**Exercise**
Below, find the line containing "YOMA Vovo Susatio" and the line containing "[2006_07_31_01"; reproduce exactly those two and every line between them, omitting pictures.
Records provided below:
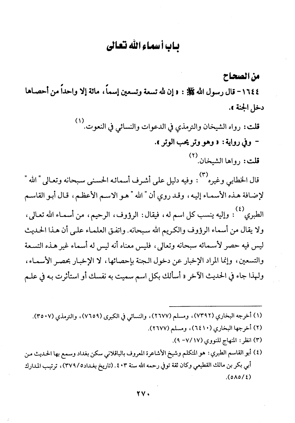 1644 - قال رسول الله -صلى الله عليه وسلم-: "إن لله تسعة وتسعين إسمًا، مائة إلا واحدًا من أحصاها دخل الجنة".
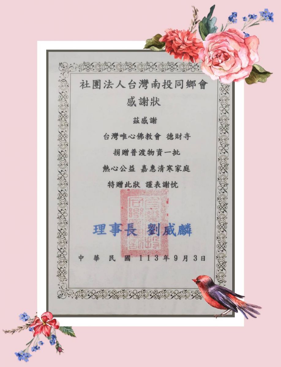 > 關於德財寺 > 慈善布施 有需要者可聯繫德財寺 親領
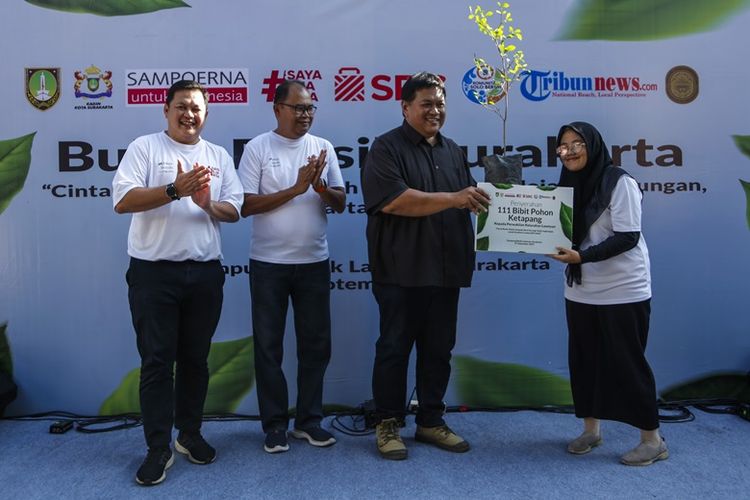 YOMA Vovo Susatio (kedua dari kanan) menyerahkan bibit pohon ketapang kepada perwakilan warga Laweyan di acara Bulan Bersih Surakarta, Laweyan, Sabtu (7/9/2024). Pada acara dengan tajuk Bulan Bersih Surakarta.Salah satu peserta dari SRC, Budi Susilowati (58), mengaku senang bisa ikut terlibat dalam kegiatan bersih-bersih di Kampung Batik Laweyan.
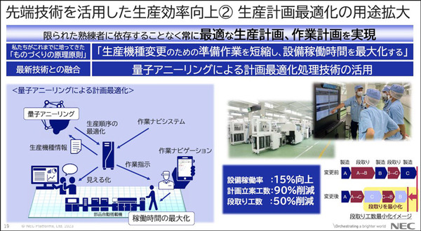 量子アニーリングの導入もそのひとつだ。電子部品をプリント基板に実装する表面実装工程(SMT工程)において、量子コンピューティング技術をベースにした「生産計画立案システム」を導入し、作業計画や人員配置を最適化している。量子は最適化問題を高速に処理するのに適している。
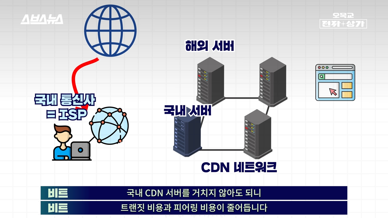 단순히 사이트에 접속하는 속도와 지연 시간이 떨어진다고 생각할 수도 있다. 하지만, 나와 같은 사람이 한 두 명이 아니라면 어떨까? 수십, 수백, 아니 수백만명이 동시에 해외 CDN 서버로 접속하게 되면 통신사의 해외와 연결된 도로가 매우 혼잡해지게 된다. 이는 통신사의 해외망 품질 저하로 이어진다.
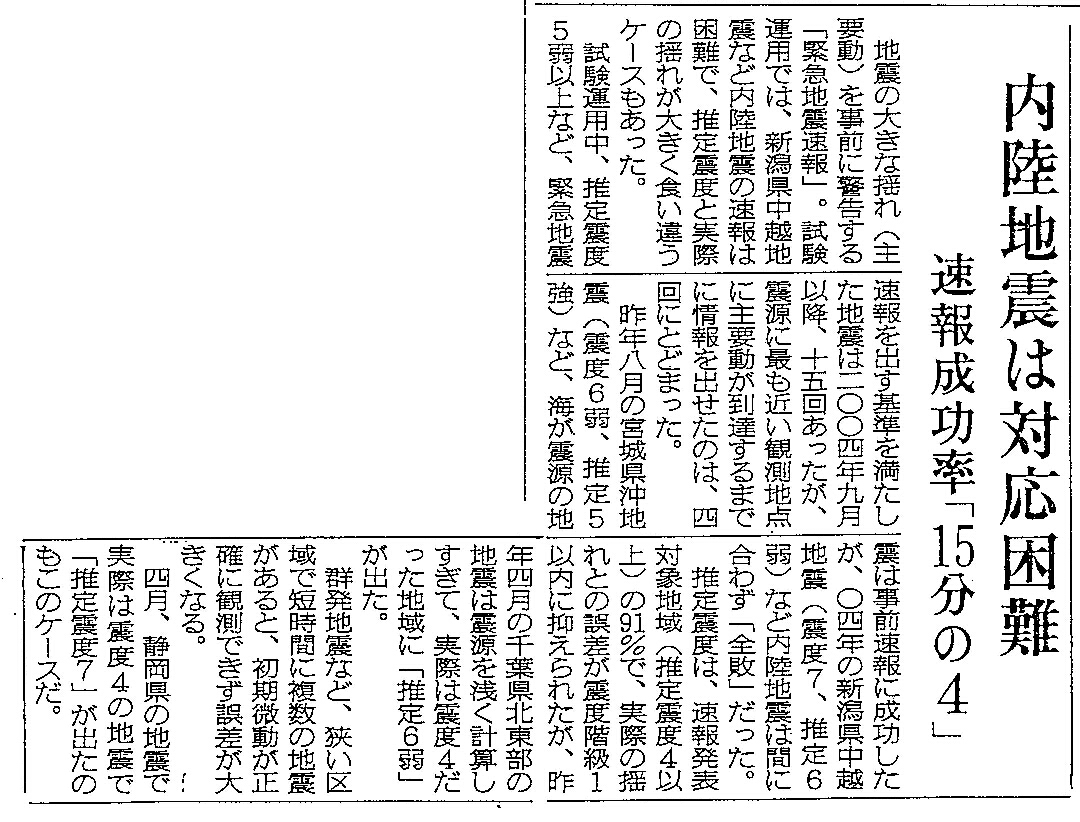 [2006_07_31_01]内陸地震は対応困難 速報成功率「15分の4」(茨城新聞2006年7月31日)
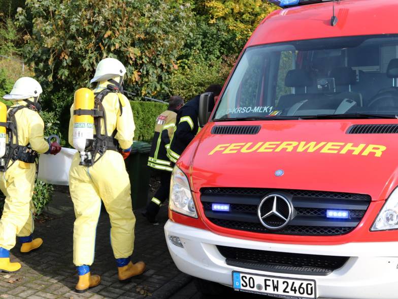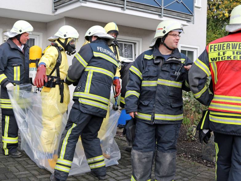 Großeinsatz des Zolls und der Feuerwehr an der Wickeder Straße 29 in Wiehagen. Ersten Recherchen zufolge wurde hier am heutigen Donnerstagmorgen (30. Oktober 2014) ein Drogenlabor in einem unauffälligen Mehrfamilienhaus direkt an der Straße entdeckt.
End of Records provided.
**Finished exercise**
 YOMA Vovo Susatio (kedua dari kanan) menyerahkan bibit pohon ketapang kepada perwakilan warga Laweyan di acara Bulan Bersih Surakarta, Laweyan, Sabtu (7/9/2024). Pada acara dengan tajuk Bulan Bersih Surakarta.Salah satu peserta dari SRC, Budi Susilowati (58), mengaku senang bisa ikut terlibat dalam kegiatan bersih-bersih di Kampung Batik Laweyan.
 量子アニーリングの導入もそのひとつだ。電子部品をプリント基板に実装する表面実装工程(SMT工程)において、量子コンピューティング技術をベースにした「生産計画立案システム」を導入し、作業計画や人員配置を最適化している。量子は最適化問題を高速に処理するのに適している。
 단순히 사이트에 접속하는 속도와 지연 시간이 떨어진다고 생각할 수도 있다. 하지만, 나와 같은 사람이 한 두 명이 아니라면 어떨까? 수십, 수백, 아니 수백만명이 동시에 해외 CDN 서버로 접속하게 되면 통신사의 해외와 연결된 도로가 매우 혼잡해지게 된다. 이는 통신사의 해외망 품질 저하로 이어진다.
 [2006_07_31_01]内陸地震は対応困難 速報成功率「15分の4」(茨城新聞2006年7月31日)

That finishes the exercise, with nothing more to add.